Exercise — Take the lines from the one with "Front Row - All" through the end of the material below and repeat them exactly, dropping every picture.

-- Data follows --

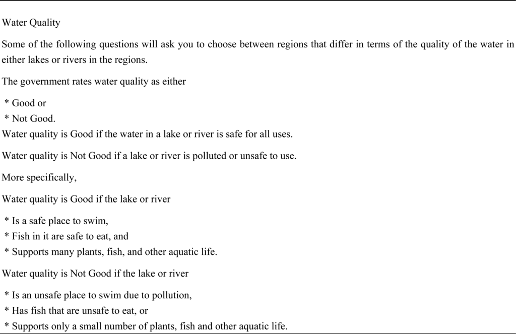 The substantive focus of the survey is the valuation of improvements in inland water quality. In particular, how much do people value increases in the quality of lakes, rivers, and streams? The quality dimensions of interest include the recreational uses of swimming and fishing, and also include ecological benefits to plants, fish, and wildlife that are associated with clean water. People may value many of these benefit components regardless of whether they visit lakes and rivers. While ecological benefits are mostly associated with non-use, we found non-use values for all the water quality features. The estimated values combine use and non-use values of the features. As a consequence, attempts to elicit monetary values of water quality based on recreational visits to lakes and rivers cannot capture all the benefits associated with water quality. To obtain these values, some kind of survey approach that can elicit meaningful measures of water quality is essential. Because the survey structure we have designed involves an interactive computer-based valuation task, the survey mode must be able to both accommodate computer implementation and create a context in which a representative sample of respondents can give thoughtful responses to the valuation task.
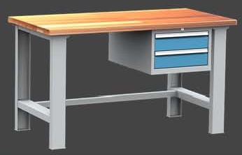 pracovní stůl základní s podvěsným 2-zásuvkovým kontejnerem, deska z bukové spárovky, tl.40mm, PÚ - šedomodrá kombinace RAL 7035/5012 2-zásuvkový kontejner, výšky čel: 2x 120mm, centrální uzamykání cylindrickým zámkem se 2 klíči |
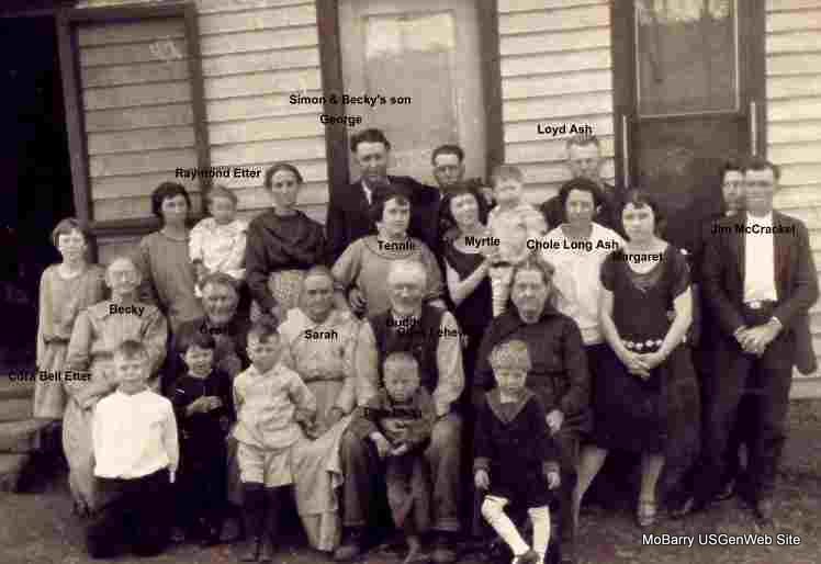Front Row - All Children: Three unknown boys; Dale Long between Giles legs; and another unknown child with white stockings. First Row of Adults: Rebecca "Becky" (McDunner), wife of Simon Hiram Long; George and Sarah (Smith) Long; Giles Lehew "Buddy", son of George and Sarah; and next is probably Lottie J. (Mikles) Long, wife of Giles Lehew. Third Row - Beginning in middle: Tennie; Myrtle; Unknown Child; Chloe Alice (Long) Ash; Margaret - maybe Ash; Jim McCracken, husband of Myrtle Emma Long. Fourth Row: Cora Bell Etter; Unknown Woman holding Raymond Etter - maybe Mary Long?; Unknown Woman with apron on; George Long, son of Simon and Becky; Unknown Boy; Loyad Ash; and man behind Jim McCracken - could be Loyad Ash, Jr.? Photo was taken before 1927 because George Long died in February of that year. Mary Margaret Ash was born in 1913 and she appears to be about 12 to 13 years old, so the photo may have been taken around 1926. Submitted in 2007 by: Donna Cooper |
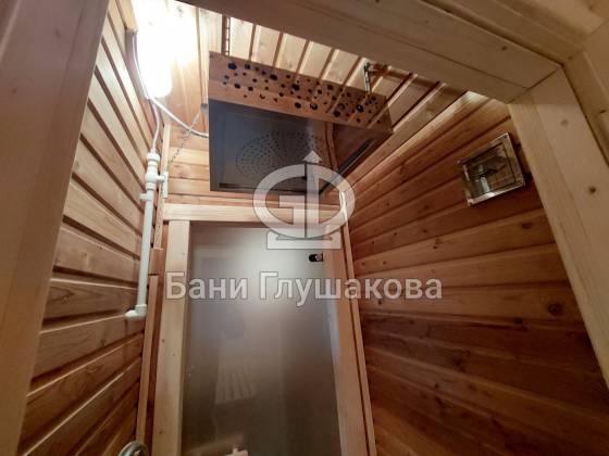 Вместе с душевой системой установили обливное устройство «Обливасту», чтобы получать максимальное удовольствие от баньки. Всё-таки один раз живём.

-- Data concluded --

Result for this exercise —
Front Row - All Children: Three unknown boys; Dale Long between Giles legs; and another unknown child with white stockings. First Row of Adults: Rebecca "Becky" (McDunner), wife of Simon Hiram Long; George and Sarah (Smith) Long; Giles Lehew "Buddy", son of George and Sarah; and next is probably Lottie J. (Mikles) Long, wife of Giles Lehew. Third Row - Beginning in middle: Tennie; Myrtle; Unknown Child; Chloe Alice (Long) Ash; Margaret - maybe Ash; Jim McCracken, husband of Myrtle Emma Long. Fourth Row: Cora Bell Etter; Unknown Woman holding Raymond Etter - maybe Mary Long?; Unknown Woman with apron on; George Long, son of Simon and Becky; Unknown Boy; Loyad Ash; and man behind Jim McCracken - could be Loyad Ash, Jr.? Photo was taken before 1927 because George Long died in February of that year. Mary Margaret Ash was born in 1913 and she appears to be about 12 to 13 years old, so the photo may have been taken around 1926. Submitted in 2007 by: Donna Cooper |
 Вместе с душевой системой установили обливное устройство «Обливасту», чтобы получать максимальное удовольствие от баньки. Всё-таки один раз живём.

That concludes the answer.